Game Theory

Question 1

In repeated games, the possibility of retaliation opens the door for _____?

Answer 1

Cooperation

Question 2

What is the “Folk Theorem” in the context of game theory?

Answer 2

Describes the set of payoffs that can result from Nash Strategies in REPEATED games.
Any feasible payoff profile that strictly dominates the minmax/security level profile can be realized as a Nash equilibrium payoff profile, with sufficiently large discount factor

Question 3

What is subgame perfect Nash equilibrium?

Answer 3

Always best response independent of history.

Question 4

What is game theory?

Answer 4

Mathematics of conflicts of interest when trying to make choices.
Takes decision making from single agent to multi agent

Question 5

What is the method for determining a strategy in a 2 person competitive game?

Answer 5

Minimax - i.e. consider the best response to the worst case

Question 6

What is the fundamental result in game theory?

In a 2 player zero-sum deterministic game of perfect information…

Answer 6

Minimax === Maximin and there always exists an optimal pure strategy for each player

Question 7

What is Von Neumann’s theory in game theory?

In a 2 player zero-sum NON-deterministic game of perfect information…

Answer 7

The fundamental theorem still holds and there is an optimal pure strategy

Question 8

What is the difference between a pure strategy and a mixed strategy?

Answer 8

A mixed strategy is a distribution over all strategies (as opposed to choosing only one strategy)

Question 9

How do we solve for a mixed strategy in a 2 player zero sum non-deterministic game of hidden information?

Answer 9

Set up (and solve) a system of equations for the probabilities of the strategies (find where the lines intersect)

Question 10

What is a Nash equilibrium?

Answer 10

A set of strategies, such that given the option to switch strategies no player would choose to deviate from the strategy.
This applies for both pure and mixed strategies

Question 11

True/False - In the n-player pure strategy game, if elimination of strictly dominated strategies eliminates all but one combination, that combination is a Nash Equilibrium.

Answer 11

True and it is the unique NE

Question 12

True/False - A Nash Equilibrium will not necessarily survive elimination of strictly dominated strategies.

Answer 12

False

Question 13

True/False - If n is finite and for all players the set of strategies is finite there must exist a pure strategy Nash Equilibrium.

Answer 13

False - But there does exists a mixed strategy NE

Question 14

What does the tit-for-tat strategy imply about cooperation based on the time scale considered (i.e. gamma)?

Answer 14

In general that cooperation only makes sense on a long time scale and with low gamma we re still better off always defecting

Question 15

How do you construct a best response for a finite state strategy?

Answer 15

We construct an MDP to represent it and then solve the MDP

Question 16

True/False - An implausible threat can result in a subgame perfect NE

Answer 16

False

Question 17

Construct a subgame perfect strategy for the repeated prisoners dilemma.

Answer 17

This is referred to as the Pavlov strategy:

Cooperate if agree, defect if disagree

Question 18

Describe the computational folk theorem

Answer 18

For any 2-player bimatrix repeated game you can construct a subgame perfect NE in polynomial time.

Question 19

What are the “nice” properties of zero-sum stochastic games?

Answer 19

Value iteration works
Minimax-Q converges
There exists a unique solution to Q*
Policies can be computed independently 
Update efficient
Q functions are sufficient to specify policy

Question 20

What are the features of general-sum stochastic games?

Answer 20

Value iteration doesn’t work
Nash-Q doesn’t converge
No unique solutions to Q*
Policies cannot be computed independently
Update is not efficient (PPAD difficult)
Q functions are not sufficient to specify policy

Question 21

What is a solution concept?

Answer 21

A rule for predicting how a game will be played.

e.g.
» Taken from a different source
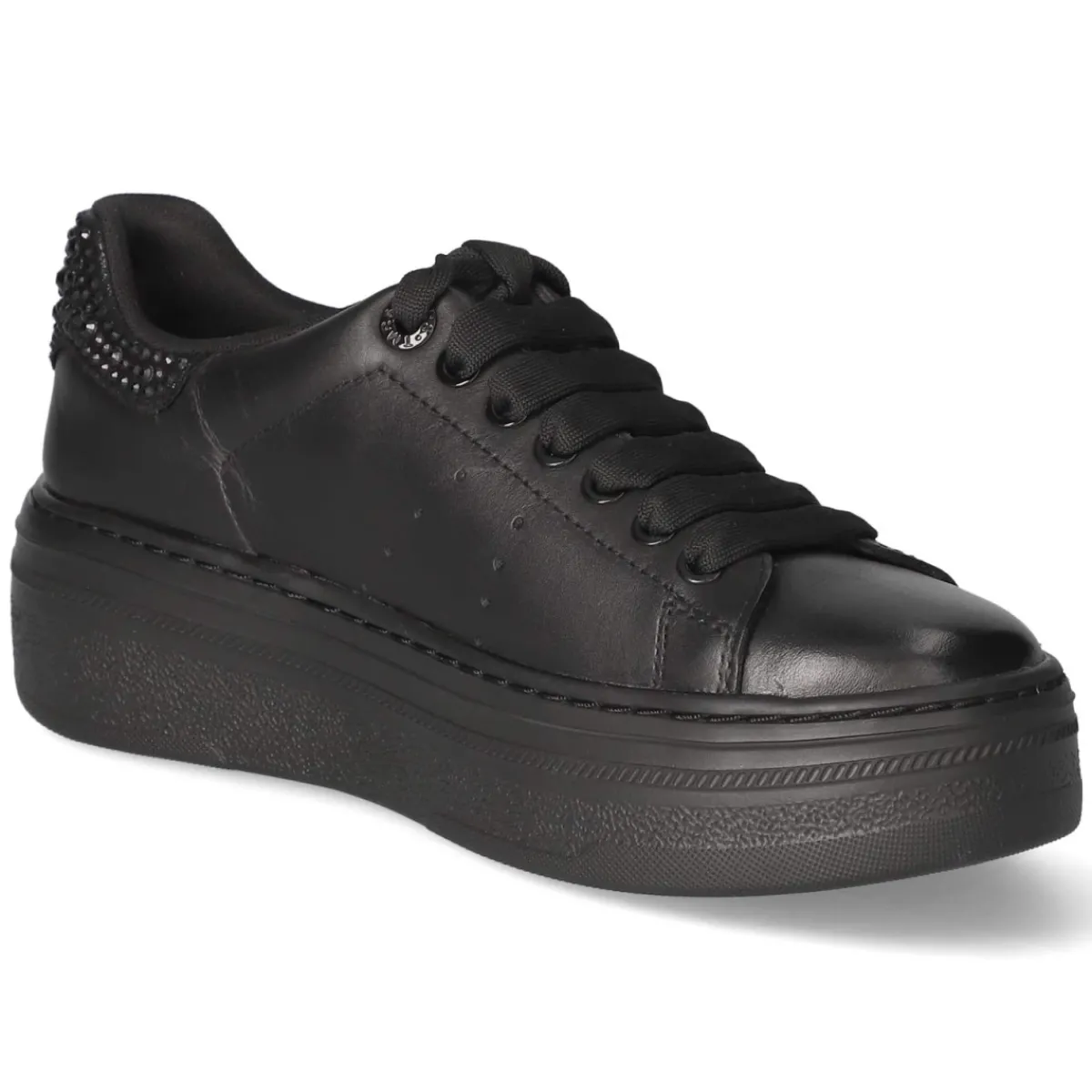Schlichtes Design trifft auf urbanen Chic: Dieser Low Sneaker von Tamaris für Damen präsentiert sich in tiefem Schwarz und überzeugt mit glattem Echtleder, das robusten Alltagseinsatz elegant meistert. Die runde Schuhspitze und der 4,5 cm hohe Plateau-Absatz sorgen für eine moderne Silhouette, während der leicht gepolsterte Einstieg und die rutschfeste Laufsohle Komfort und Halt geben. Dank Schnürung lässt sich der Sitz individuell anpassen, das Wechselfußbett bietet zusätzliche Flexibilität. Die verstärkte Ferse mit feinem Schmucksteinbesatz setzt einen dezenten Akzent. Fällt normal aus und zeigt sich besonders kombinationsfreudig zu Casual- und Smart-Looks. Modetipp: Schwarze Cropped-Jeans, weiße Oversize-Bluse und ein strukturierter Blazer unterstreichen den cleanen Auftritt, ein silbernes Armband greift den Glanz des Fersenbesatzes auf.

Nash, subgame perfect, CoCo, correlated

Question 22

What is a real life example of correlated equilibrium?

Answer 22

Traffic lights. We agree to follow what they say because it is better than alternative equilibria

Question 23

What are the features of correlated equilibria?

Answer 23

1. They can be found in poly time
2. All mixed Nash are correlated
3. All convex combinations of mixed Nash are correlated

Question 24

Describe CoCo strategy

Answer 24

Making side payments from excess reward to encourage better outcomes.
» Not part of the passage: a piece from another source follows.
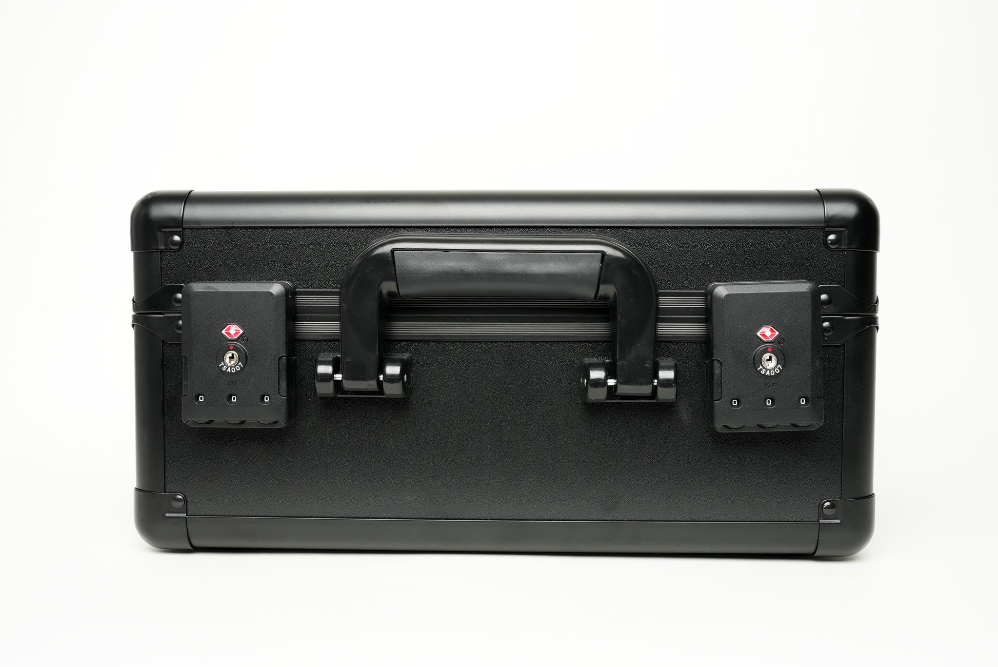 The case features dual customizable combination locks and TSA key access, making it both airline-friendly and highly secure. A strong, ergonomic carry handle ensures all-day comfort, while the rugged “orange peel” textured exterior adds grip and visual appeal.

Compute maximax and minimax for the game and share the excess reward from the difference.

Question 25

What are the properties of coco?

Answer 25

Efficiently computable
Utility maximizing
Decompose game into sum of two games
UniqueCan be extended to stochastic games (coco-Q, non-expansion but still converges)
Not necessarily equilibrium (needs to be binding)
Doesn’t generalize to more than 2 players

Question 26

What is the difference between mechanism design and “normal” game theory?

Answer 26

Mechanism design is how to design a game based on a given desired behavior.